Allen le miraba fijamente con cierto temor por lo que fuera hacer. El silencio reino. Fue roto por su grito de dolor al sentir como la punta de esa cuña entraba en su ojo partiéndolo delicadamente, adentrándose en su globo ocular rompiendo la barrera de su cornea atravesando su pupila llegando hasta su cristalino deslizándose húmedamente por el brotar de la sangre partiendo su vítreo hasta topar con su nervio.
Apretó sus manos por el dolor, el noah que vio esto, lo tomo de las muñecas alzándolo con una fuerza desconocida, fuera de lo normal para un humano, colocándolo a su altura con su mano derecha golpeo la cuña hundiéndola más, provocando un alarido de dolor, acaricio con su dedo índice delineando la base, tomándola con sus finos dedos, sacándola de tirón, viendo como la sangre tibia emanaba del rostro frente a él escurriéndose lentamente deleitando sus pupilas.
Acerco su rostro al peliblanco, olfateo su cabello, sacó su lengua, probo cada gota que salía de la cuenca de su ojo perforado, lo lamio sin descaro, pasando la punta de su musculo en cada fibra de piel blanca, que se estremecía al sentir ese fino musculo rozando, humedeciendo su piel con la asquerosa saliva de ese ser, viendo como se extasiaba al probar su sangre.
Ladeo su rostro, no quería que siguiera probándolo, el Noah lo tomo del mentón, obligándolo a que lo mirase, recibiendo una mirada llena de furia con temor escondido, sonrió, sacó su lengua alargándola, extendiéndola hasta rozar su punta en la cuenca sangrante.

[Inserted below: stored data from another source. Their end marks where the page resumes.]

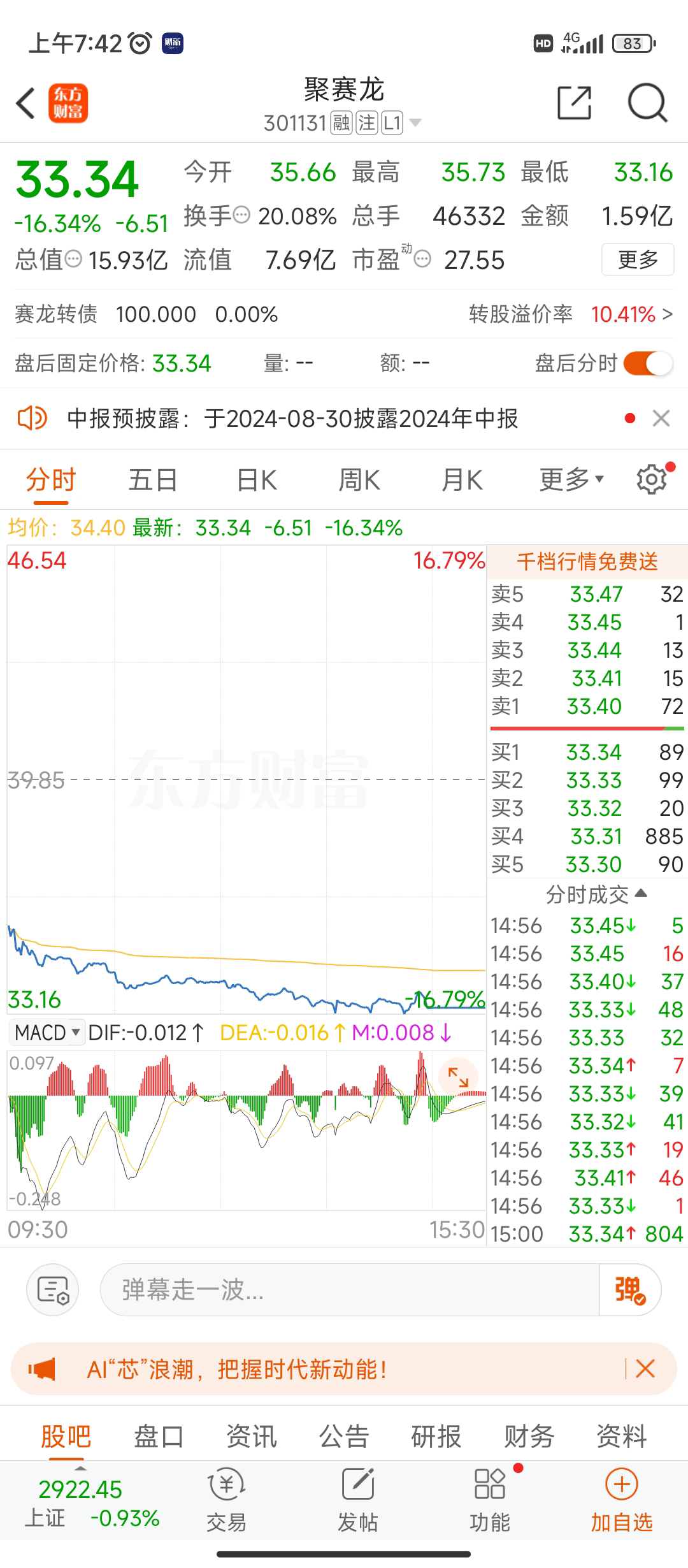 昨天买了500股严牌股票,30%的深市含权量,配债日涨幅不大,被上一只赛聚龙吓破胆了,今天跌幅大于百分之五的可能性较小。姑且记录
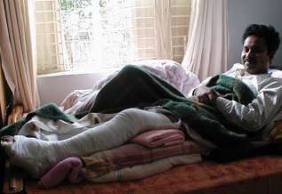 I thought it was about time you saw a picture of Habib with his broken leg, so here it is. He's been bed-ridden for a fair
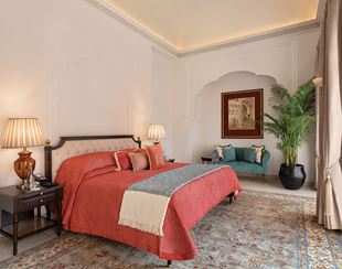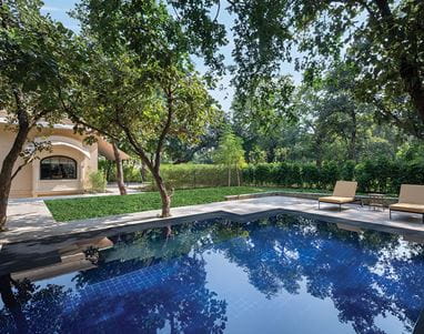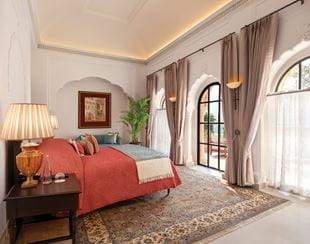 With 120 square metres of interiors, the suites include a master bedroom and a separate sitting area, an ensuite bathroom and a private courtyard with uninterrupted views of Panna National Park.

Delineo suavemente rozando las pestañas, inclinándose más para tomar ese sabor metálico que le encantaba, que lo sumergía en un profundo éxtasis de placer, adentrando mas su lengua en esa cuenca enterrándola profundo sintiendo el salado y viscoso sabor, moviéndola en círculos, escuchando los gemidos de dolor que salían del albino, viendo como enterraba las uñas en su propia piel.
Deleitándose con ese sabor, apretó mas las muñecas del albino, sintiendo como temblaba de dolor, continuo metiendo mas su lengua quería llegar más profundo, quería probar más de él, lo topo contra el árbol, su lengua llego al límite de longitud, dos círculos más bastaron para que la comenzara a retirar de manera lenta sintiendo la blanda y resbalosa textura, dejando un hilo de baba carmesí colgando.
Se relamió los labios expresando satisfacción por el manjar recién dado.
-Exquisito-pasando su lengua en su comisura- eres verdaderamente una delicia shonen- pasando el pulgar debajo del ojo del albino tomando una dedada carmesí, llevándola a su boca, pasando su lengua degustando el sabor metálico.
-Eres un miserable.
-Eso es lo que piensas de mi shonen- dijo divertidamente- hey tú- señalo al akuma negro quien se acerco a ellos rápido.
-Si Noah-sama.
-Quiero que me ayudes con esto- mostrando las muñecas del albino atadas con la Tease- cuélgalo- dijo en una orden.
El akuma obedeció sacando hilos de materia oscura enredándolos en la rama más cercana, se acerco a ellos sacando mas de sus hilos enredándolos en las muñecas del albino, el Noah lo soltó para que quedara colgado como un muñeco de trapo preso ente ellos.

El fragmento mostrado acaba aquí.